RNA-sequencing of F. nucleatum TDC 100 cocultured with P. gingivalis ATCC 33277

To evaluate the effect of P. gingivalis on F. nucleatum in coculture, RNA-sequencing analysis was performed. At FDR <0.05, 176 differentially expressed genes were obtained (Figure 3a). Among these, the genes from the coculture showing a log2-fold difference of >1.5 compared with their expression in the monoculture of F. nucleatum, p < 0.05, and FDR <0.05 were selected (Figure 3b). In F. nucleatum cocultured with P. gingivalis, 139 genes (4.9%) were differentially expressed compared with those in monocultured F. nucleatum.
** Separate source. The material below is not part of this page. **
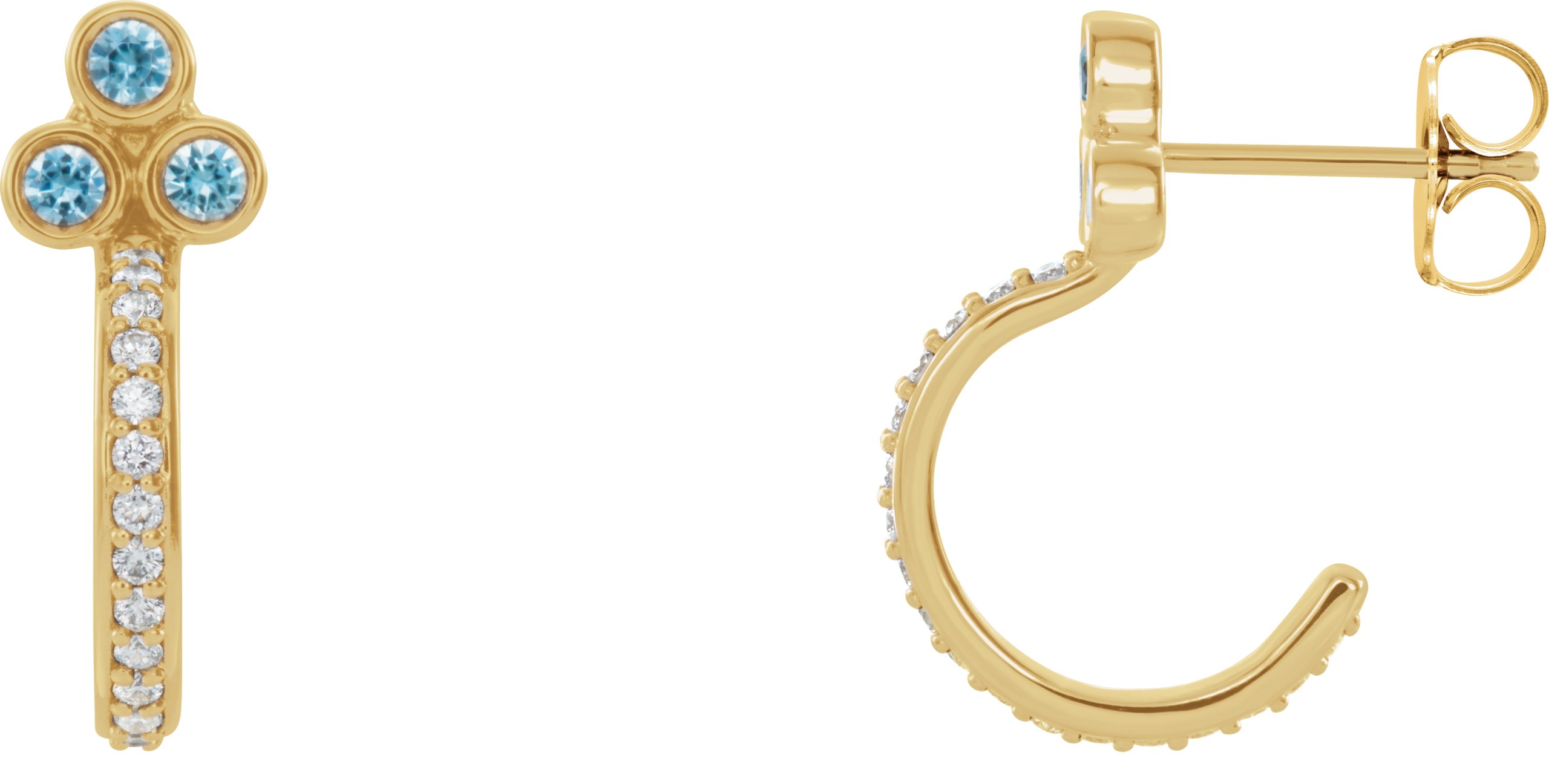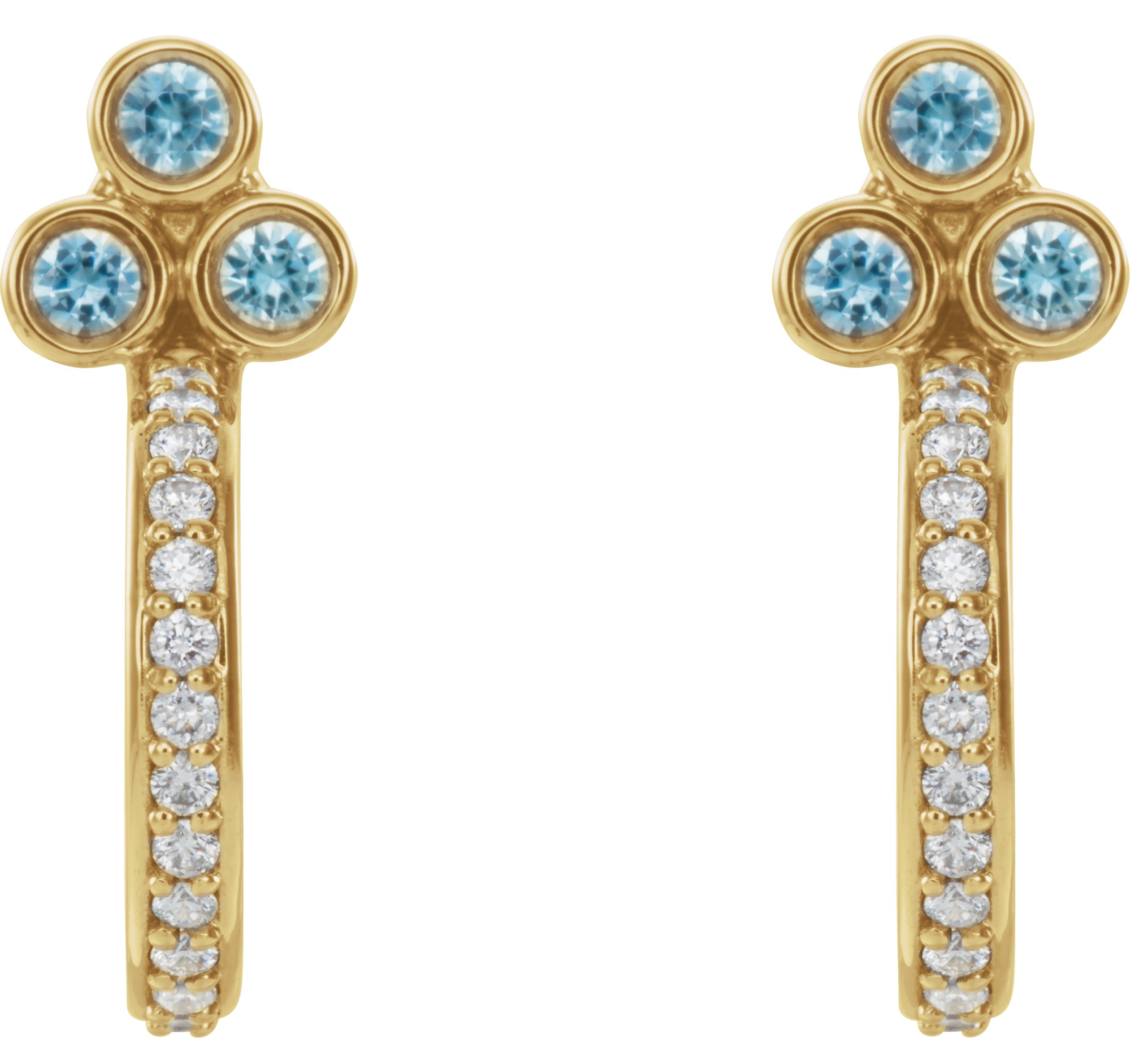 14K Yellow Blue Zircon & 1/4 CTW Diamond J Hoop Earrings

Among them, 52 genes were upregulated (Table 1), including the gene encoding the galactose inhibitable autotransporter adhesion Fap2, a protein involved in porphyrin metabolism (cobK and Cobart-precorrin 5A hydrolase), chaperone proteins (ClpB, DnaK, and DnaJ), proteins involved in polysaccharide synthesis (glycogen synthase, GlgG, glucose-1-phosphate adenylyltransferase, 1,4-alpha-glucan branching protein GlgB, and GalU), and proteins involved in membrane transport (basic amino acid ABC transporter substrate-binding protein, amino acid ABC transporter ATP-binding protein, DMT family transporter, AzlC family ABC transporter permease, branched-chain amino acid transporter permease, basic amino acid ABC transporter substrate-binding protein, efflux RND transporter permease subunit, ABC transporter ATP-binding protein, energy-coupling factor transporter transmembrane protein EcfT, autotransporter serine protease fusolisin, ABC transporter permease, and ABC transporter ATP-binding protein). Interestingly, the expression of fomA did not show an increase in the RNA-sequencing.

Figure 3.

Figure 3.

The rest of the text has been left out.